Brolucizumab Is Noninferior to Aflibercept, But Has Higher Incidence of Inflammation

Although a brolucizumab trial met all efficacy end points, it showed a higher incidence of intraocular inflammation than aflibercept.

Brolucizumab (BRO) met all efficacy end points in a trial comparing the anti-vascular endothelial growth factor (anti-VEGF) injection with aflibercept (AFL), according to a poster presented at the 2022 annual meeting of the American Academy of Ophthalmology (AAO), held in Chicago September 30 to October 3. However, patients in the BRO group had a higher incidence of intraocular inflammation (IOI) and retinal vein occlusion than the patients in the AFL. 

This 104-week Phase 3a ‘Patients With Neovascular Age-related Macular Degeneration (nAMD) With Persistent Retinal Fluid (MERLIN) study (ClinicalTrials.gov Identifier: NCT03710564) assessed the efficacy and safety of eyes randomly assigned treatment with eitherBRO 6 mg or AFL 2 mg (2:1). The injections were administered every 4 weeks in eyes with neovascular AMD (nAMD) and persistent fluid despite prior anti-VEGF therapy. 

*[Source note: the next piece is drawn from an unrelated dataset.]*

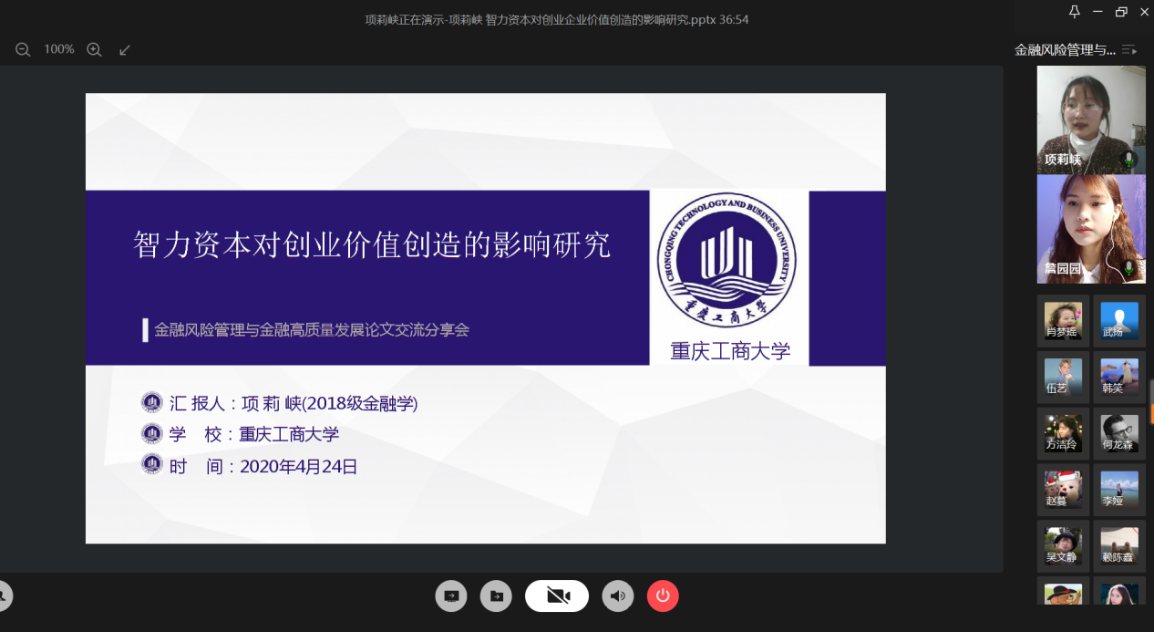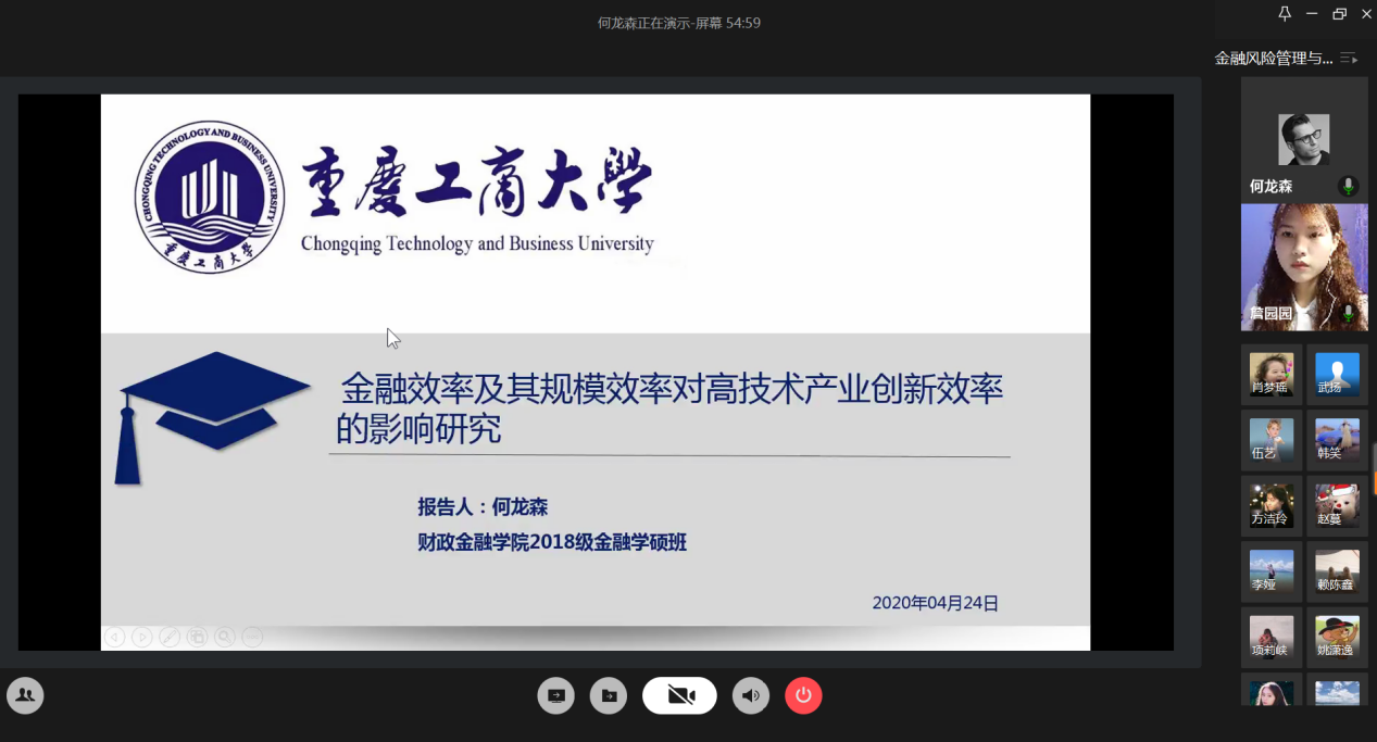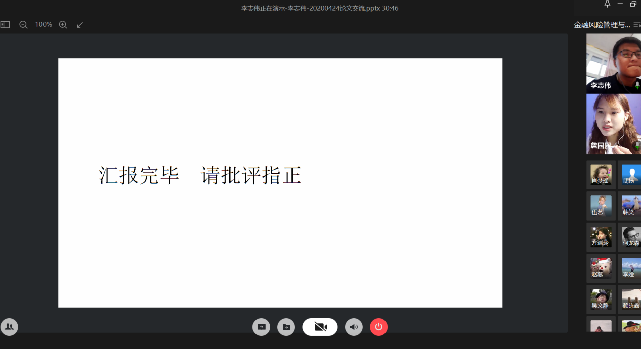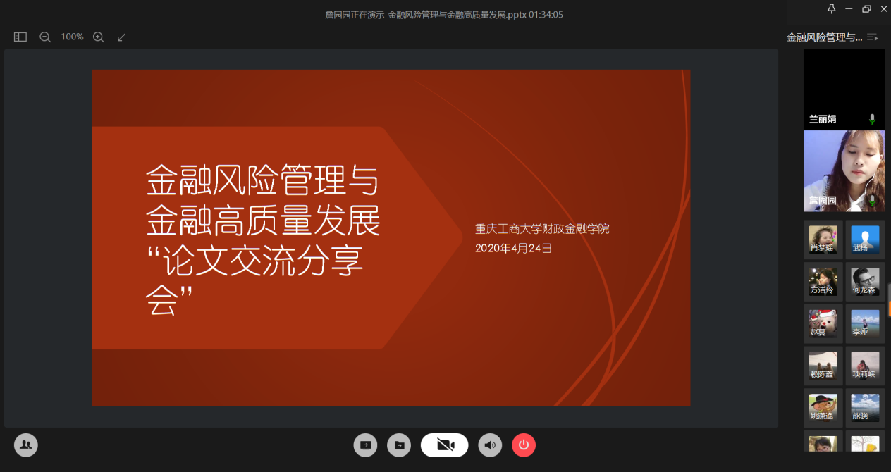 4月24日晚上,财政威廉希尔官网研究生分会通过腾讯会议成功举办了“金融风险管理与高质量发现”论文交流会。本次交流会由研分会的文体部部长詹园园主持,18级金融学硕的李志伟、项莉峡、何龙森、熊骁四位同学分享了他们的论文框架及论文写作经验。

The trial was terminated early due to a safety signal uncovered at week 52, the report shows. Treatment of 29.2% and 30.7% BRO and AFL eyes, respectively, were discontinued in year 2 due to the early termination. 

At week 52, BRO demonstrated continued noninferiority in mean best corrected visual acuity change (P <.002) and superiority (P <.002) in mean change in both central subfield thickness and fluid-free status when compared with AFL.

However, incidences of intraocular inflammation (including retinal vasculitis) and retinal vascular occlusion were higher for patients in the BRO group 11.5% (1.1%) and 2.2% vs 6.1% (0%) and 0.6% for AFL, respectively.

References:

Brown, D, Jaffe, G. Wykoff, C. MERLIN: Two-year results from the phase 3a trial of Brolucizumab in participants with nAMD and persistent retina fluid. Poster presented at: The American Academy of Ophthalmology 2022 Annual Meeting; September30 to October 3, 2022; Chicago. Abstract PO370.